● **WORK ITEM**
Somewhere below are a line with "Veshti - 2 Mtrs" and a later line with "דף מדבקות בקונספט". Output exactly those lines and all lines between them.

[Records contained in a dataset]
····················

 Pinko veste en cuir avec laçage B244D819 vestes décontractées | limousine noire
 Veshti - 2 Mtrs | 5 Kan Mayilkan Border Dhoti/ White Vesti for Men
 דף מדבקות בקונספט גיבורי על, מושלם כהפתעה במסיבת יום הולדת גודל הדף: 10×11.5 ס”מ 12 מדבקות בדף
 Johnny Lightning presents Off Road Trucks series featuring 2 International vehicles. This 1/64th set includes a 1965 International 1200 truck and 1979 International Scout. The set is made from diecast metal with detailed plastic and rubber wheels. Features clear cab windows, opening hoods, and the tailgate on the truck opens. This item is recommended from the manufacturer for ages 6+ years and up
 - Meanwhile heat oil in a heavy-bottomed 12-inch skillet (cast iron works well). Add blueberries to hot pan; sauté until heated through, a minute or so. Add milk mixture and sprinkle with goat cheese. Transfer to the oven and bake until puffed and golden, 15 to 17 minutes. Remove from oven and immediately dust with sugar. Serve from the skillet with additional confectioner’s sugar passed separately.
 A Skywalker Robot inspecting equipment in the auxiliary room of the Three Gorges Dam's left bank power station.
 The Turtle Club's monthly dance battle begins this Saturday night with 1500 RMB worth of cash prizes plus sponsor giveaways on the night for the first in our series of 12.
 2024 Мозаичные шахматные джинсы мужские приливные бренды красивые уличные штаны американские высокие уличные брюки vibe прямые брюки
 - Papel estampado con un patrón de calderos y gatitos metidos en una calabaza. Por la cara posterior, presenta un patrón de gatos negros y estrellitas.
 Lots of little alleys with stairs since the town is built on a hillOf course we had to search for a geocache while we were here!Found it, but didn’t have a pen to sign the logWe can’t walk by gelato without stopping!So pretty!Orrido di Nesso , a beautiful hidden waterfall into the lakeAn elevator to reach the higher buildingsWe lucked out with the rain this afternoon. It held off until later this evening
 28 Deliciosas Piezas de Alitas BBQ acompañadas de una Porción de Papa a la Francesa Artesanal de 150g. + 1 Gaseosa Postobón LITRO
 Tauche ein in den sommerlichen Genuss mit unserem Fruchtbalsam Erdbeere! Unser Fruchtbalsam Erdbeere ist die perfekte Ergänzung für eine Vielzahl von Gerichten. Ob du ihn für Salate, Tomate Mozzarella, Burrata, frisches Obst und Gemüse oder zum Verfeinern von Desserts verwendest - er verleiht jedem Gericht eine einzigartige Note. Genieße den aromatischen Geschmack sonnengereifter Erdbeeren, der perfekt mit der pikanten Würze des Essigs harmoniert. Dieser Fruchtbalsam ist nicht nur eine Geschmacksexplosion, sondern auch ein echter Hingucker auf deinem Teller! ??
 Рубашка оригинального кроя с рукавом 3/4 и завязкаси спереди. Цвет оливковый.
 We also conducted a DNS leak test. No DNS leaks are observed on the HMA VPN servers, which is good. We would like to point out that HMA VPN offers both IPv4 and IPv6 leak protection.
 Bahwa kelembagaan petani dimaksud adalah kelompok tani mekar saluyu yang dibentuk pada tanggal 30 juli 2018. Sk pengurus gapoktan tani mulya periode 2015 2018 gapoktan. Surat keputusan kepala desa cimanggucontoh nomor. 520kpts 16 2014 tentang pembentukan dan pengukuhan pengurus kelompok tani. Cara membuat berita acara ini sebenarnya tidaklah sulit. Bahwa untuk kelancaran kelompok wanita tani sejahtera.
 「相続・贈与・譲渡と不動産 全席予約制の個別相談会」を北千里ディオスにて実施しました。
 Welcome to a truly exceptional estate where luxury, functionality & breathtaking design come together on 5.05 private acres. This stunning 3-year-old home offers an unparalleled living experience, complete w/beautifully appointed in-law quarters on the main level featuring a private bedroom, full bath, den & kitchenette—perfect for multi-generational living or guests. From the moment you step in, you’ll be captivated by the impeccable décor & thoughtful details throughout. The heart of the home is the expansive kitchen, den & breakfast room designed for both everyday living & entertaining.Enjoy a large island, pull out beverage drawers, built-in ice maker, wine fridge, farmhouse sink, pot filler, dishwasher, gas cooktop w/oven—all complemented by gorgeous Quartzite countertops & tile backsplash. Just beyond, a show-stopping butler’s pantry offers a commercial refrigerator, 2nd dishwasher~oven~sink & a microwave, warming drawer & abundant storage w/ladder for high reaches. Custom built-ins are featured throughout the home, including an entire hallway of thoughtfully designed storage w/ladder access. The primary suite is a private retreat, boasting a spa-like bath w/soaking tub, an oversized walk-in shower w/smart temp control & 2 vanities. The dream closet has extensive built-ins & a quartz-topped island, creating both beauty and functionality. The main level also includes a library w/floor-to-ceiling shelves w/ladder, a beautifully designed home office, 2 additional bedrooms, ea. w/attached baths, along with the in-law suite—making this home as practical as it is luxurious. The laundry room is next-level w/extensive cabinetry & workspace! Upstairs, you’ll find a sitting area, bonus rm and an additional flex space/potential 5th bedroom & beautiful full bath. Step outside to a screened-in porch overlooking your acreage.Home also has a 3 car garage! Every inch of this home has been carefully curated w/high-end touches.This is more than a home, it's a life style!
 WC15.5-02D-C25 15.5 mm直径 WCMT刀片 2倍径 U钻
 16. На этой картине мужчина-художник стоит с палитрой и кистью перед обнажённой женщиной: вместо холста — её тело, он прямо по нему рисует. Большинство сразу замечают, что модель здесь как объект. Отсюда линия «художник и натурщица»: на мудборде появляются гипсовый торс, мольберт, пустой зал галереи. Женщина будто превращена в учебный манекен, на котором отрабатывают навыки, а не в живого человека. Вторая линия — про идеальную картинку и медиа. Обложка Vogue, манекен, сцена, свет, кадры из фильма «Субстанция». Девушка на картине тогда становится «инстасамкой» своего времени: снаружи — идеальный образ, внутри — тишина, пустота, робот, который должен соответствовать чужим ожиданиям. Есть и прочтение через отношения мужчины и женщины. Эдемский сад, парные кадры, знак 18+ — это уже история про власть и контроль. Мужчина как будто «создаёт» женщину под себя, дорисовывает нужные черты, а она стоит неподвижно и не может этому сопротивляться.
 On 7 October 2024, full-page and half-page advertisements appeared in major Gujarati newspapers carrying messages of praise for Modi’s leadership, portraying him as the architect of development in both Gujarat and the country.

····················

● **RESULT FOR THIS EXERCISE**
 Veshti - 2 Mtrs | 5 Kan Mayilkan Border Dhoti/ White Vesti for Men
 דף מדבקות בקונספט גיבורי על, מושלם כהפתעה במסיבת יום הולדת גודל הדף: 10×11.5 ס”מ 12 מדבקות בדף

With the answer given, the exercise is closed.